Разве можно было взять под стражу высокий дух Томаса Мора, Габриэля Пэри или уничтожить стихотворный ритм в Назыме Хикмете, очистив его камеру от малейших обрывков бумаги?
— Пятно страдания вместо лица на гравюрах — вот твоя ошибка. Ты смогла бы так нарисовать автопортрет? — Я выжидательно смотрю ни Зизи.
— Но ведь я рисовала и тюремное дерево, с которым невозможно ничего поделать, — говорит она.
Я молчу; может быть, Луиза Серник понимала и раньше все, что я пытаюсь растолковать сейчас. Может быть, она только хотела, чтобы мы помнили и о страданиях, которые принимают на себя те, кто идет отстаивать истину. Чтобы, говоря об их мужестве, мы помнили и о страданиях. Но ведь главным героем гравюр было странное тюремное дерево. То зеленое, то красное — в монотонном вращении острожных точек, подвластное только своим законам цветения и увядания.

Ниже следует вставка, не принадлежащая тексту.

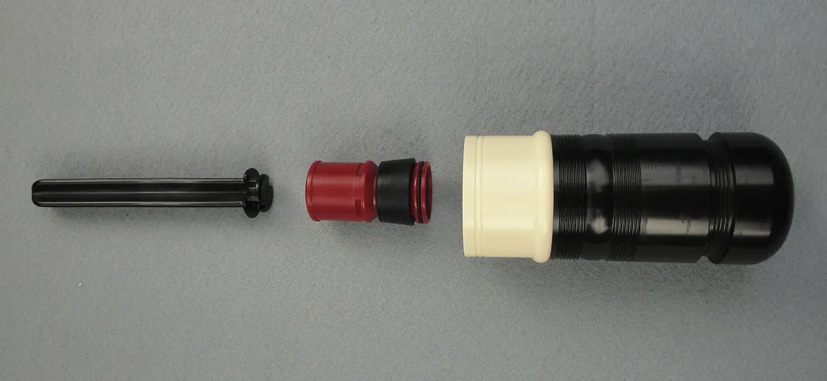 This combination valve/watertrap installs into the blowpipe stock easily using a tool provided. The valve negates the need for a clacker valve on your blowpipe. The device also stops moisture from dribbling into the bag. Remove your blowstick and dump it out when you’re finished playing. It’s not as effective as a tube trap or a desiccant system, but for the casual player it’s convenient and all they need for moisture control. Drone stock shown in the picture is not included.

Сквозь ряды тюремных стен на гравюрах, мне кажется, я вошла в ограды концлагерей, где сейчас заключены наши друзья. Номер и пятно вместо лица. Для фашизма и великий поэт XX века Яннис Рицос — номер… Ибо таким образом фашизм пытается внушить самому себе иллюзию бесстрашия перед человеческой мыслью, перед свободным духом, перед творческим началом — главными своими врагами.
Но для мира люди в полосатых одеждах номеров — это новые стихи, это имена, становящиеся синонимом призыва к борьбе.

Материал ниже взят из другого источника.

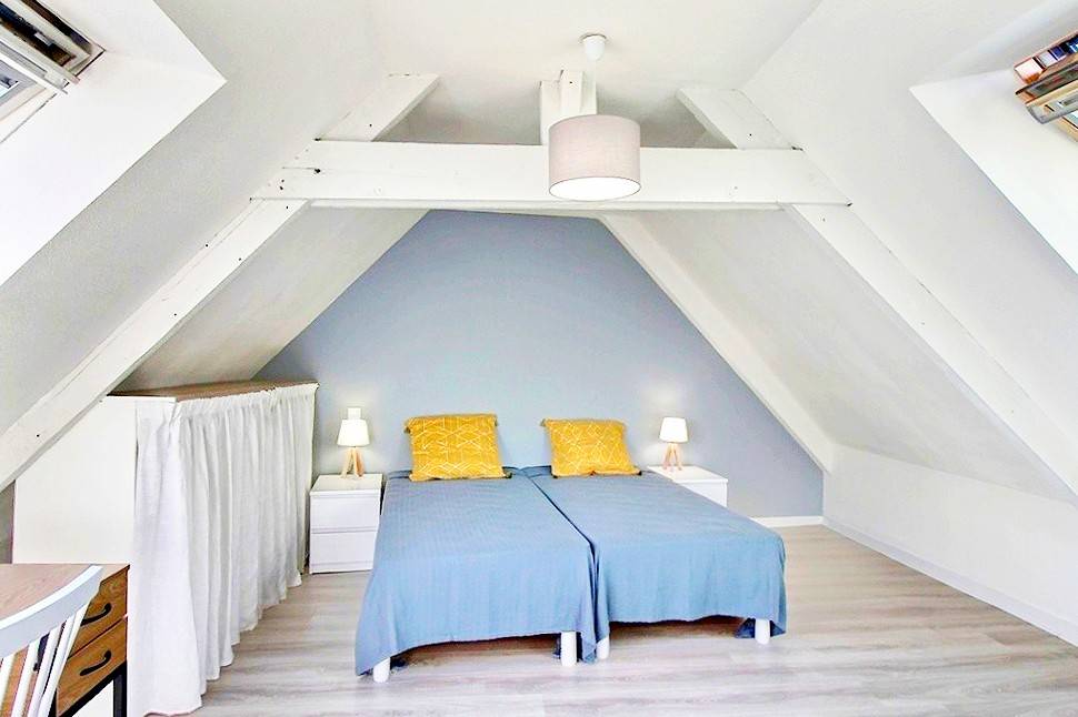 -Obergeschoss: ein großes Schlafzimmer mit zwei 90-cm-Betten und ein Badezimmer.

Их невозможно заковать в регламенты лагеря строгого режима. Как странное тюремное дерево».
Сейчас я вложу листки в конверт. Мне дали пятиминутное свидание с тобой. Но в тюрьмах обычно такие встречи разгорожены плотной сеткой. Через тесные ее ячейки я все всматриваюсь, хочу разглядеть твое лицо, но оно тает, разъятое на миллион точек, как на растре газетного клише. Я не могу дотронуться до него рукой. Но у меня есть ощущение, что я коснулась твоего душевного мира. И не ты у меня, я у тебя черпаю твердость.»
ПАМЯТЬ
Июнь работал, как трудолюбивая пряха: мириадами тополиных веретен он прял лето, расточительно забивая очесами все закоулки бульвара. У бетонированной кромки пух вскипал девятым валом, и Бурик, нырнув в пышную пуховую гряду, сразу перестал быть жесткошерстным фокстерьером. Он превратился в пуделя. Или даже в болонку.

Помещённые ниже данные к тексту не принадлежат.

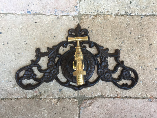 Wandornament mit Wasserhahn aus Gusseisen und Messing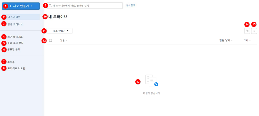 ② 내 드라이브 - 내가 생성한 폴더와 업로드한 파일들을 확인할 수 있습니다.

Видимо, внешняя трансформация повлияла и на собачий характер — без обычного наглого лая Бурик подошел к скамье и почтительно уставился на человека, сидевшего там.
Я увидела человека еще раньше, я обратила внимание на его позу — согнутый, спрятавший лицо в ладони, упиравшийся локтями в высоко поднятые колени. Высоко поднятые, потому что пространство между землей и сиденьем было мало для его длинных ног. Мне показалось, что на голове сидящего тюбетейка. Черная с белым крестом в центре.
Хотя собака стояла беззвучно, человек ощутил ее присутствие, поднял голову. Посмотрел на Бурика, на меня.
— Наконец-то, — сказал он.
— Что наконец-то?
— Наконец пришли. Я уже час вас жду. — В голосе Мемоса просачивалось нетерпеливое недовольство.
Странно, что я не узнала его сразу. Но, видимо, дело было не в том, что после знакомства в Босином кабинете я напрочь забыла о его существовании: завтра Кирюха сдавал геометрию устную, и ни о чем другом в доме не говорилось.
— Случилось что-нибудь непредвиденное?
Я села рядом.
— Ничего. Просто собаку надо было вывести час назад.
— Верно. Но это обязанность моего сына. Я ненавижу гулять с собакой.
— Но если парень занят, зачем же мучить пса? Тем более вам известно, что я торчу здесь.
— Я совершенно забыла, что каждый вечер вы сидите у меня под окнами. Извините. — Я отвечала покорно.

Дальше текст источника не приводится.